Unconfigured Ad

Collapse
X
 
  • Filter
  • Time
  • Show
Clear All
new posts
  • Olalla
    Member
    • Aug 2014
    • 11

    Problem with MIRA

    Hello all

    I am new in bioinformatics and linux, and right now I am starting my "training" with some 454 RNAseq data. The starting data are 454 RNA sequencing reads from 10 different individuals (3 runs each). Until now I have converted my fasta/qual to fastq files and then collapsed the fastq files from the different reads of each individual into a single one, before proceeding with the quality control analysis. All went smooth and the outputs seem to be ok. Now I want to procceed with the assembly and to do this I plan to use MIRA as implemented in Geneious. I have uploaded the trimmed/clipped fastq files and when I select them and try to do an assembly with the default parameters I get the following error message:

    Fatal error (may be due to problems of the input data or parameters):

    ********************************************************************************
    * Some read names were found more than once (see log above).
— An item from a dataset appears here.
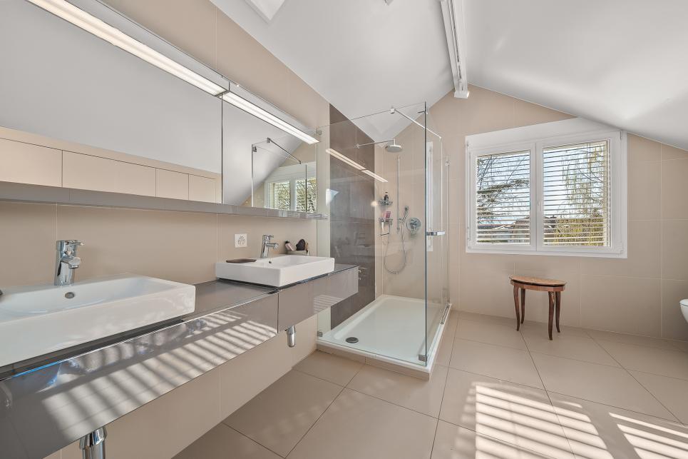 L'étage se compose de deux grandes chambres ainsi qu'une salle de bain moderne et fonctionnelle. La suite parentale est un véritable havre de paix, avec sa propre salle de bain et son dressing pour un confort optimal.

This usually *
    * hints to a serious problem with your input and should really, really be *
    * fixed. You can choose to ignore this error with , but this will *
    * almost certainly lead to problems with result files (ACE and CAF for sure, *
    * maybe also SAM) and probably to other unexpected effects. *

    I have already cecked whether I could have put together fastq files more than once, but when I looked at my scripts there are no errors. I tried assembling files by pairs to see which are the problematic ones, and I get this error message with a few of them so now I need to check where is the problem and if it is actually true that I have repeated read names in these files (although this shouldn't be the case). I would like to find some script that allows me to extract just the read names from these files, so I can then compare them and check if I there are repeated read names between files, but I cannot find anything useful anywhere. Does anyone knows how can I do this, and also anyone has any guess on why is Mira reporting this error?

    Thanks in advance

    Olalla
  • JohnN
    Member
    • Jan 2011
    • 31

    #2
    I'm wondering if the trimming process may not have clipped the read names - are you able to check that?

    Also, mira works better if you do NOT preprocess your data - as mira will trim internally itself.

    HTH

    Comment

    • Olalla
      Member
      • Aug 2014
      • 11

      #3
      Hello John

      Thanks for your reply. The read names ate not clipped. And I guess they shouldnt have same names. I just would need a way to retrieve the list of read names (or at least those matching between files), so I can after that check where is the problem. Any idea about which command can I use for that or of there is any script/program doing that?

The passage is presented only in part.